Cardiotoxic and Arrhythmogenic Effects of Hemiscorpius lepturus Scorpion Venom in Rats

Khalil Pourkhalili 1, Euikyung Kim 2, Navid Reza Mashayekhy 3, Mostafa Kamyab 4, Seyed Mehdi Hoseiny 5, Reihane Evazy 6, Abbas Zare Mirakabadi 7, Ramin Seyedian 8,*
PMCID: PMC4662793  PMID: 26623433

Abstract

Background:

Envenomation by Hemiscorpius lepturus is not painful and the clinical manifestations include bloody urine due to hemoglobinuria or hematuria, dermonecrotic reactions, cardiac arrhythmia and in minority of cases acute renal failure which may lead to death following disseminated intravascular coagulation in infants. Cardiac effects of envenomation by H. lepturus venom including inotropic, chronotropic and arrhythmogenic properties are not studied as now in rat hearts with Langendorff apparatus.

Methods:

Rat hearts were allowed to equilibrate in its buffer and cardiotropic plus arrhythmogenic effects induced by injection of different doses of H. lepturus venom were detected and recorded by computer acquisition based data in Langendorff apparatus. The neutralizing effects of Razi Institute antivenom and autonomic drugs were assayed in parallel studies.

Results:

Hemiscorpius lepturus venom (25 μg/100 l) treatment caused a negative inotropic (65.4 ± 3.2 versus 110.2 ± 3.4) and chronotropic effects (186.3 ± 4.2 versus 302 ± 6.3) in comparison to normal saline. Arrhythmogenic aspects including bradycardia, QRS widening and ST depression were induced by venom injection. Pre venom treatment (20 min) of Razi Institute antivenom (10 μl) neutralized cardiotropic effects but post venom injection (15 min later) had no therapeutic role. Pre (10 min before) and post (15 min after) injection of adrenaline (10 μl) neneutralized cardiotropic effects while pre venom injection (20 min) of propanolol (10 μl) had aggravating effects.

Conclusion:

Our study paves the way for further in vivo investigation of cardiovascular effects of this venom for finding suitable treatments instead of its ordinary antivenom medication in cardiogenic shock induced by the venom.

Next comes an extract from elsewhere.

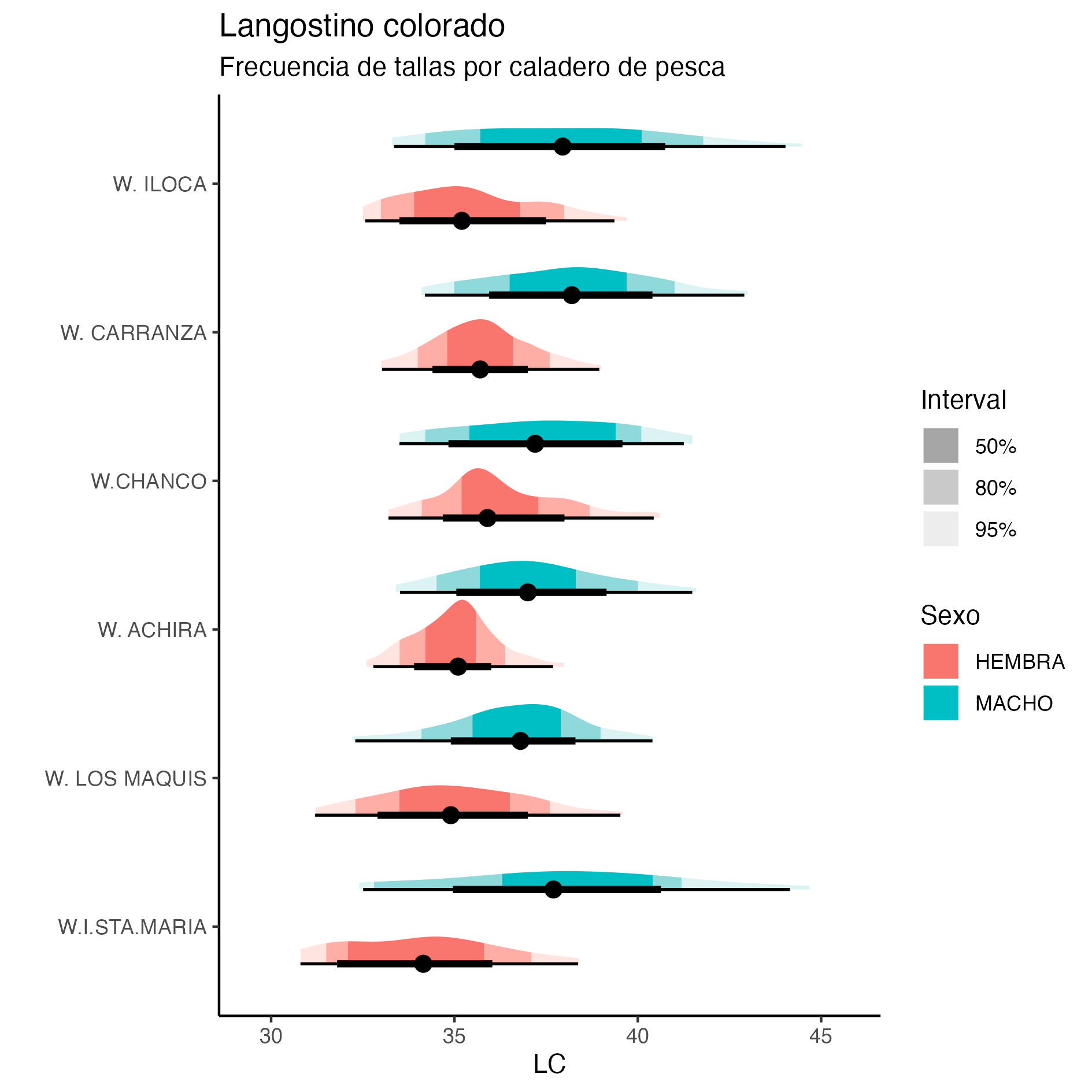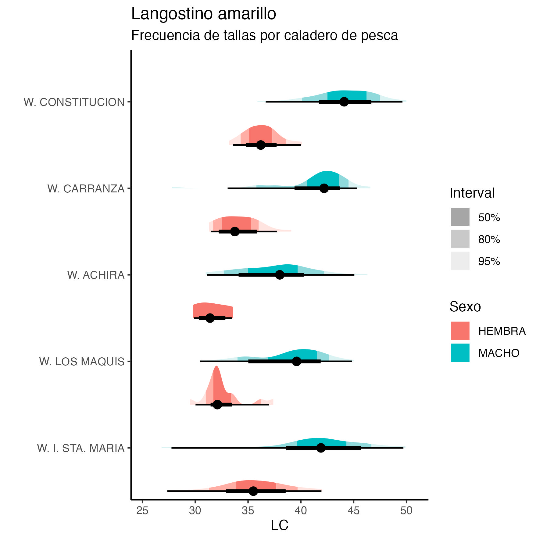 En cuanto a la composición de tallas por zona de pesca, langostino colorado mostró las tallas modales más pequeñas en el caladero de la isla Santa María, mientras que las tallas más grandes se registraron al oeste de Iloca y Carranza (Fig. 11). Para langostino amarillo en cambio las mayores tallas se presentaron en Constitución y el oeste de la isla Santa María (Fig. 12).
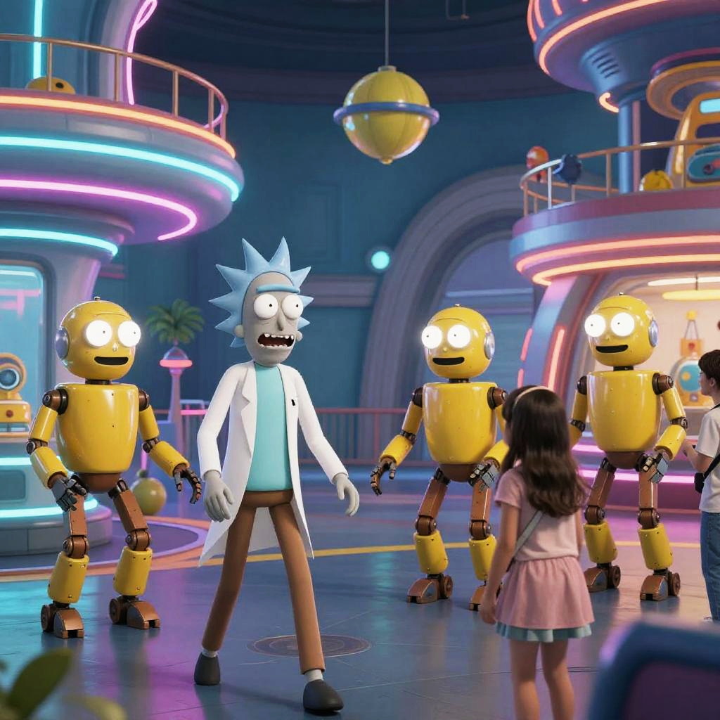 Rick and Morty AI theme park scene, animatronic robots of Rick and Morty interacting with visitors, futuristic amusement rides with neon lights, vivid and playful atmosphere, detailed sci-fi architecture with a touch of cartoon surrealism

Keywords: Hemiscorpius lepturus, Contractility, Arrhythmogenicity, Envenomation

Introduction

Scorpion envenomation is common in tropical and subtropical areas of the world including southwestern part of Iran especially in Khuzestan province (Prendini 2000, Shahbazzadeh et al. 2009). Envenomation by H. lepturus belonging to family Hemiscorpiidae is not painful and the clinical manifestations in stung patients include bloody urine due to hemoglobinuria or hematuria, dermonecrotic reactions and in minority of cases acute renal failure which may lead to death following disseminated intravascular coagulation in infants (Radmanesh 1990, Jalali et al. 2010). This creature is one of the most dangerous scorpions, and responsible for 95 % of the scorpion-associated mortalities in Iran, that is probably due to the various pathological enzymes in its venom like Hemitoxin, Hemicalcin and Heminecrolysin (Shahbazzadeh et al. 2007, Srairi-Abid et al. 2008).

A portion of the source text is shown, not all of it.